There are many products that you can use to care for your skin. You could even have a 20-step routine. Are they all necessary? Most likely not. Although it may seem simple to apply a daily moisturizer to your skin, in order to properly care and treat any lingering irritations, dehydration, or texture problems, you need to be familiar with the main types of moisturizing ingredients: humectants and occlusives. We have enlisted a few experts in skin care to help you understand these terms.
Although these ingredients have similar effects on your skin, their functions are not the same. First, Dr. Zeichner MD, FAAD is a New York-based dermatologist who says that humectants act as a sponge. “They bind with water to pull it in the outer skin layer.” He explained that emollients are used to soften the skin’s surface and prevent water loss. He adds that occlusives are substances that create a protective layer over the outer skin layer to prevent loss of moisture.
Winter is coming and with the increase in dry and dehydrated skin, now is the time to review when products that contain humectants and occlusives should be used. Here’s the scoop on each.
Humectants
Dr. Michelle Henry MD, a New York-based board-certified dermatologist, says that humectants “absorb water and keep it locked in the skin.” This helps to maintain skin’s moisture. The most popular options for dry to normal skin are hyaluronic, glycerin and lactic acids.
However, Dr. Macrene Alexiades MD PhD is a triple board-certified dermatologist from New York. She clarifies that all products that claim to moisturize will contain some form of humectant.
A humectant is a product that can help your skin determine if it’s dehydrated. Dr. Alexiades suggests pinching your skin to determine if your skin is dehydrated. If your skin does not retract, it could be a sign that your skin has lost its hydration. This type of ingredient is best for skin that has a little bit of water but not enough to cause severe dehydration, such as painful cracking. You can also use this ingredient daily to maintain your skin’s moisture and prevent dryness.

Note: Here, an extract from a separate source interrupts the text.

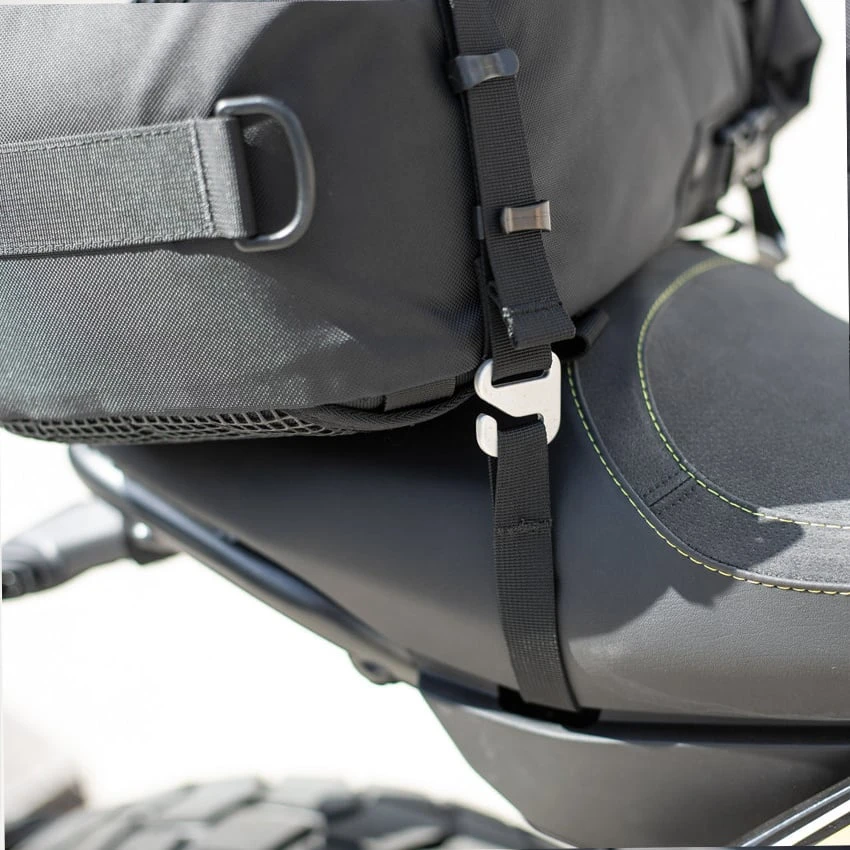 The kit consists of high quality hypalon & nylon webbing loops, that easily fit under the seat using the existing mounting locations. Once fitted, they provide strong hook-on points for any Kriega US-Drypack or US-Drypack Combo.When not in use the straps can be simply folded away, under the seat.

Sofie Pavitt, a NYC-based esthetician, says that if you use a serum with high-quality humectants (which is undoubtedly the most common delivery method), you will need to sandwich it between your skin and an emollient. This is how it works: You won’t just apply a hyaluronic acids serum to your skin and call it good. To prevent further water loss, you will need to apply a moisturizer.
Emollients
Here’s more information about emollients. These are similar to humectants but have some key differences. This category of ingredients is all about adding moisture and preventing water loss. They work best when used in combination with a humectant that locks in water. Pavitt describes them as “like a blanket that holds all your products in their place.”
Emollients can soften skin because they work to repair skin’s barriers. Dr. Zeichner says that emollients are great for dry and flaky skin. These ingredients can be used on all skin types. These are your creams and moisturizers.
Dr. Henry says that ceramides are the most popular emollients. Ceramides, which are lipids or fats that form part of the skin’s barrier, can be summarized as follows: There are many benefits to ceramides, including keeping your skin moisturized, soft, and smooth. Argan oil, which promotes smooth skin, and vitamin E (which is a godsend to reduce wrinkles), are two other popular emollients.
Another popular emollient is lanolin. Dr. Zeichner states that lanolin is an oily compound, which is made from sheep’s wool, and can be used as a moisturizer, or balm. He explains that lanolin is responsible for protecting sheep’s skin from water and can be applied to human skin to soften or protect.
No matter what product you choose, the ever-popular Emollients are a must-have this winter. They will keep your skin soft and free from irritation.
Occlusives
Occlusives are more effective than the other two types. They prevent water loss and can be used to treat extreme dryness and dehydration. Dr. Alexiades explained that occlusives are the most heavy and moisturizing. They work by creating a protective layer on the skin’s surface, much like a shrink wrap.
A petroleum jelly is not a good choice for under makeup. They can also clog pores, so people with oily skin should avoid using them.
Dr. Alexiades says that occlusives can be very helpful for those with compromised skin barriers, such as eczema and psoriasis. She says that anyone with a compromised skin barrier needs occlusives to help them get it back in place. If a humectant and emollients aren’t enough for you, an occlusive could be beneficial. It provides a stronger physical barrier to protect the outer layer of your skin from water loss. Pavitt says that occlusives are useful in cold weather as they prevent environmental factors (such as pollen and cold air) from drying your skin.
Winter is coming and with it, dropping temperatures, low humidity, and steam heat — all of which can dry your skin — understanding how to navigate the different types of moisturizing or hydrating ingredients could be key to keeping your skin healthy, happy, and free from irritation.